- What is expected: Could you please transcribe the data exactly, without the pictures?

- Source material:
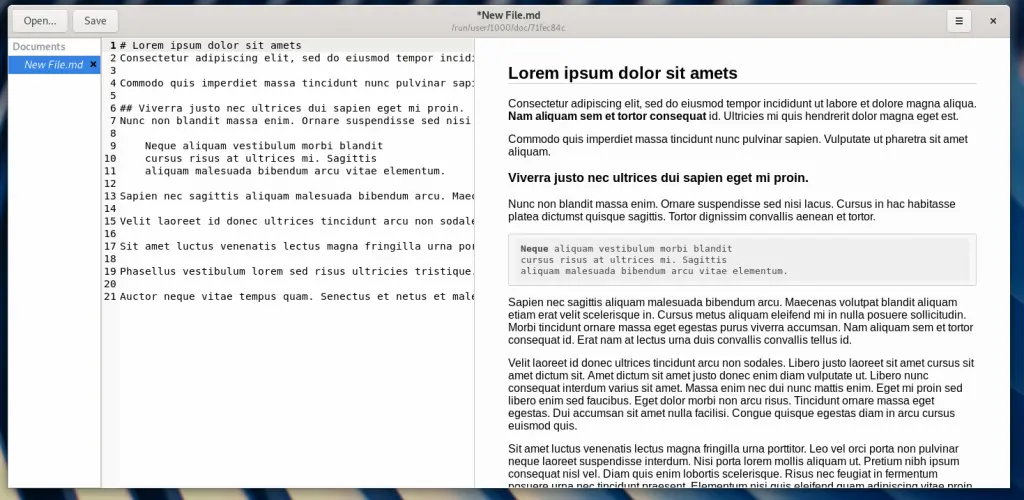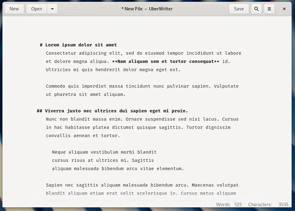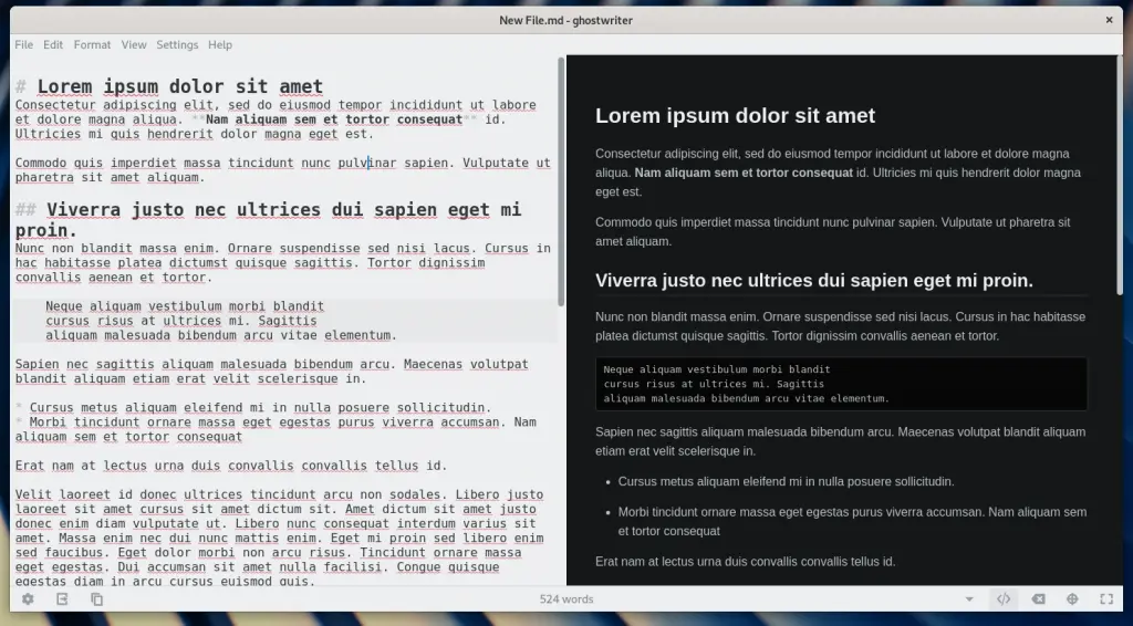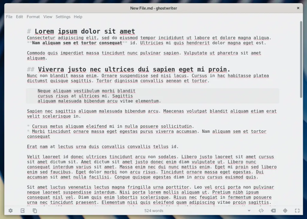 以前的编辑更专注于最小的用户体验,Ghostwriter 提供了更多的功能和选项。Ghostwriter 提供了一个文本编辑器,当你以 Markdown 格式书写时,编辑器将 Markdown 部分样式化。粗体标记文本显示为粗体,标题标记显示为较大的字体,以帮助编写 Markdown 标记。
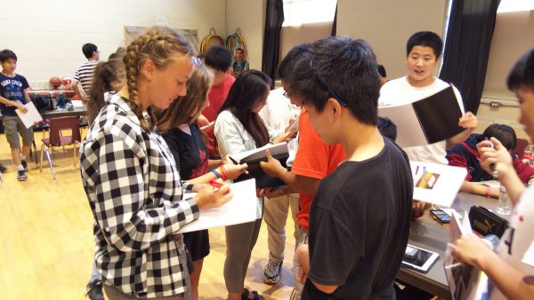 午後はmemory book作製です。オーウェンサウンド滞在中、先生方は授業と平行して写真を撮ってくれていました。一日一日の出来事を思い出す写真が本にまとめられていて、その本にコメントを書くという作業です。オーウェンサウンドでの2週間を振り返り、あんなことやこんなことがあったと語り合いながら作業を進めていきます。。。と思いきや、すぐに「サインください祭り」が始まりました。memory bookの中にサインのページがあることにいち早く気付いた人が、先生やバディにお願いをしに動き始めたのです。そうしたらもう、他の人たちも「いこう、いこう」と、お世話になったカナダの方々へサインをもらいに行きます。いいです、宝物の完成ですね。
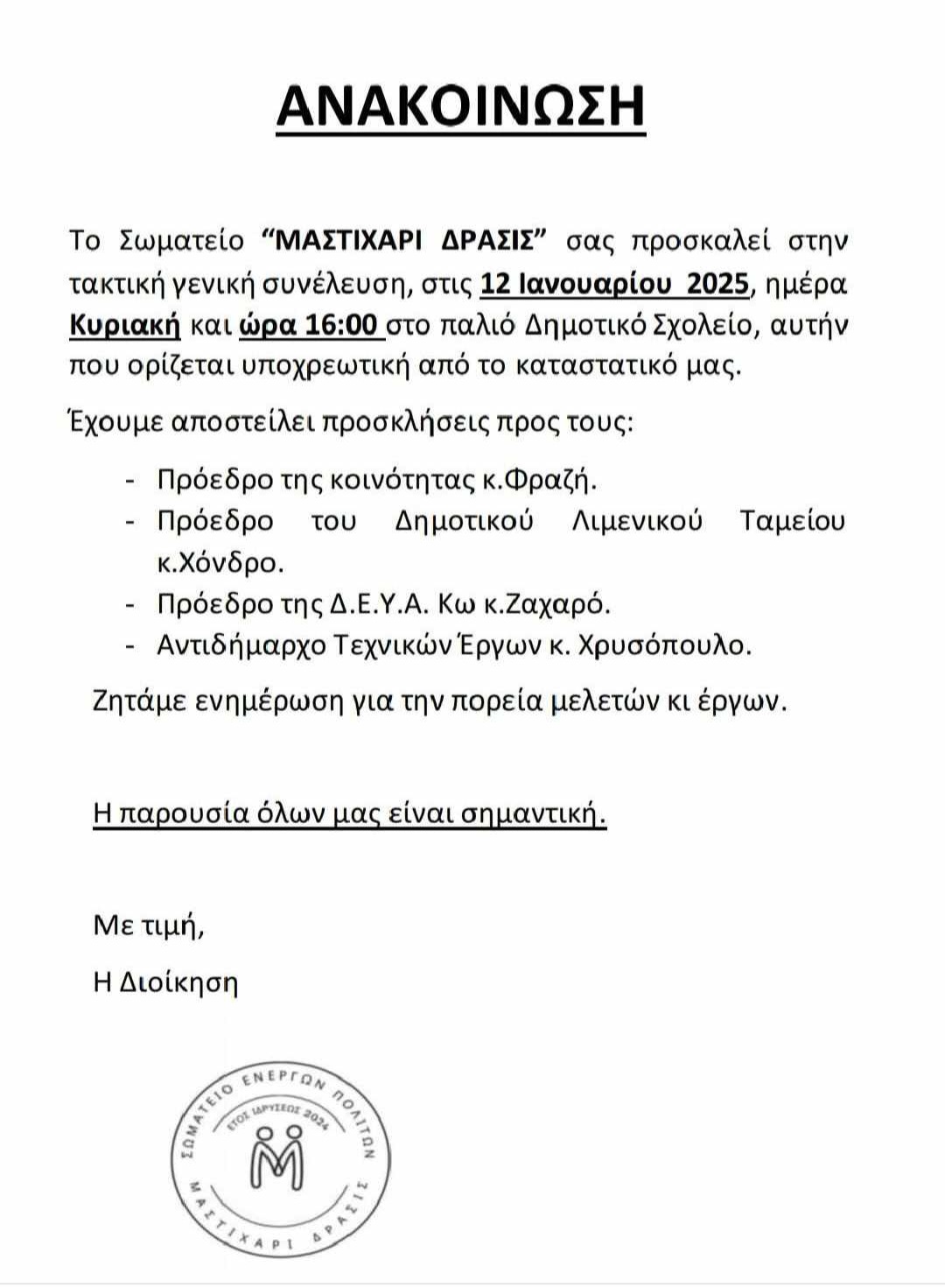 Το Σωματείο «ΜΑΣΤΙΧΑΡΙ ΔΡΑΣΙΣ» ανακοινώνει τη διεξαγωγή της τακτικής γενικής συνέλευσης, η οποία θα πραγματοποιηθεί την Κυριακή 12 Ιανουαρίου 2025, στις 16:00, στο παλιό Δημοτικό Σχολείο του Μαστιχαριού. Η συνέλευση αυτή αποτελεί υποχρεωτική διαδικασία, σύμφωνα με το καταστατικό του σωματείου.Στη συνέλευση έχουν προσκληθεί και αναμένεται να δώσουν το «παρών» σημαντικοί φορείς της τοπικής αυτοδιοίκησης και υπηρεσιών, προκειμένου να ενημερώσουν τα μέλη του σωματείου και τους κατοίκους για την εξέλιξη μελετών και έργων στην περιοχή. Συγκεκριμένα, προσκλήσεις έχουν σταλεί στους:Πρόεδρο της Κοινότητας Μαστιχαριού, κ. Φραζή.Πρόεδρο του Δημοτικού Λιμενικού Ταμείου, κ. Χόνδρο.Πρόεδρο της Δ.Ε.Υ.Α. Κω, κ. Ζαχαρό.Αντιδήμαρχο Τεχνικών Έργων, κ. Χρυσόπουλο.Τα μέλη του σωματείου αναμένουν με ενδιαφέρον την ενημέρωση και τις τοποθετήσεις των προσκεκλημένων σχετικά με την πρόοδο των έργων που αφορούν τη βελτίωση των υποδομών και των υπηρεσιών της περιοχής.Η γενική συνέλευση αποτελεί μια σημαντική ευκαιρία για τη διαμόρφωση κοινού οράματος και την ενίσχυση της συνεργασίας μεταξύ πολιτών και τοπικών αρχών, με στόχο τη βιώσιμη ανάπτυξη του Μαστιχαριού.

- Completed task:
 以前的编辑更专注于最小的用户体验,Ghostwriter 提供了更多的功能和选项。Ghostwriter 提供了一个文本编辑器,当你以 Markdown 格式书写时,编辑器将 Markdown 部分样式化。粗体标记文本显示为粗体,标题标记显示为较大的字体,以帮助编写 Markdown 标记。
 午後はmemory book作製です。オーウェンサウンド滞在中、先生方は授業と平行して写真を撮ってくれていました。一日一日の出来事を思い出す写真が本にまとめられていて、その本にコメントを書くという作業です。オーウェンサウンドでの2週間を振り返り、あんなことやこんなことがあったと語り合いながら作業を進めていきます。。。と思いきや、すぐに「サインください祭り」が始まりました。memory bookの中にサインのページがあることにいち早く気付いた人が、先生やバディにお願いをしに動き始めたのです。そうしたらもう、他の人たちも「いこう、いこう」と、お世話になったカナダの方々へサインをもらいに行きます。いいです、宝物の完成ですね。
 Το Σωματείο «ΜΑΣΤΙΧΑΡΙ ΔΡΑΣΙΣ» ανακοινώνει τη διεξαγωγή της τακτικής γενικής συνέλευσης, η οποία θα πραγματοποιηθεί την Κυριακή 12 Ιανουαρίου 2025, στις 16:00, στο παλιό Δημοτικό Σχολείο του Μαστιχαριού. Η συνέλευση αυτή αποτελεί υποχρεωτική διαδικασία, σύμφωνα με το καταστατικό του σωματείου.Στη συνέλευση έχουν προσκληθεί και αναμένεται να δώσουν το «παρών» σημαντικοί φορείς της τοπικής αυτοδιοίκησης και υπηρεσιών, προκειμένου να ενημερώσουν τα μέλη του σωματείου και τους κατοίκους για την εξέλιξη μελετών και έργων στην περιοχή. Συγκεκριμένα, προσκλήσεις έχουν σταλεί στους:Πρόεδρο της Κοινότητας Μαστιχαριού, κ. Φραζή.Πρόεδρο του Δημοτικού Λιμενικού Ταμείου, κ. Χόνδρο.Πρόεδρο της Δ.Ε.Υ.Α. Κω, κ. Ζαχαρό.Αντιδήμαρχο Τεχνικών Έργων, κ. Χρυσόπουλο.Τα μέλη του σωματείου αναμένουν με ενδιαφέρον την ενημέρωση και τις τοποθετήσεις των προσκεκλημένων σχετικά με την πρόοδο των έργων που αφορούν τη βελτίωση των υποδομών και των υπηρεσιών της περιοχής.Η γενική συνέλευση αποτελεί μια σημαντική ευκαιρία για τη διαμόρφωση κοινού οράματος και την ενίσχυση της συνεργασίας μεταξύ πολιτών και τοπικών αρχών, με στόχο τη βιώσιμη ανάπτυξη του Μαστιχαριού.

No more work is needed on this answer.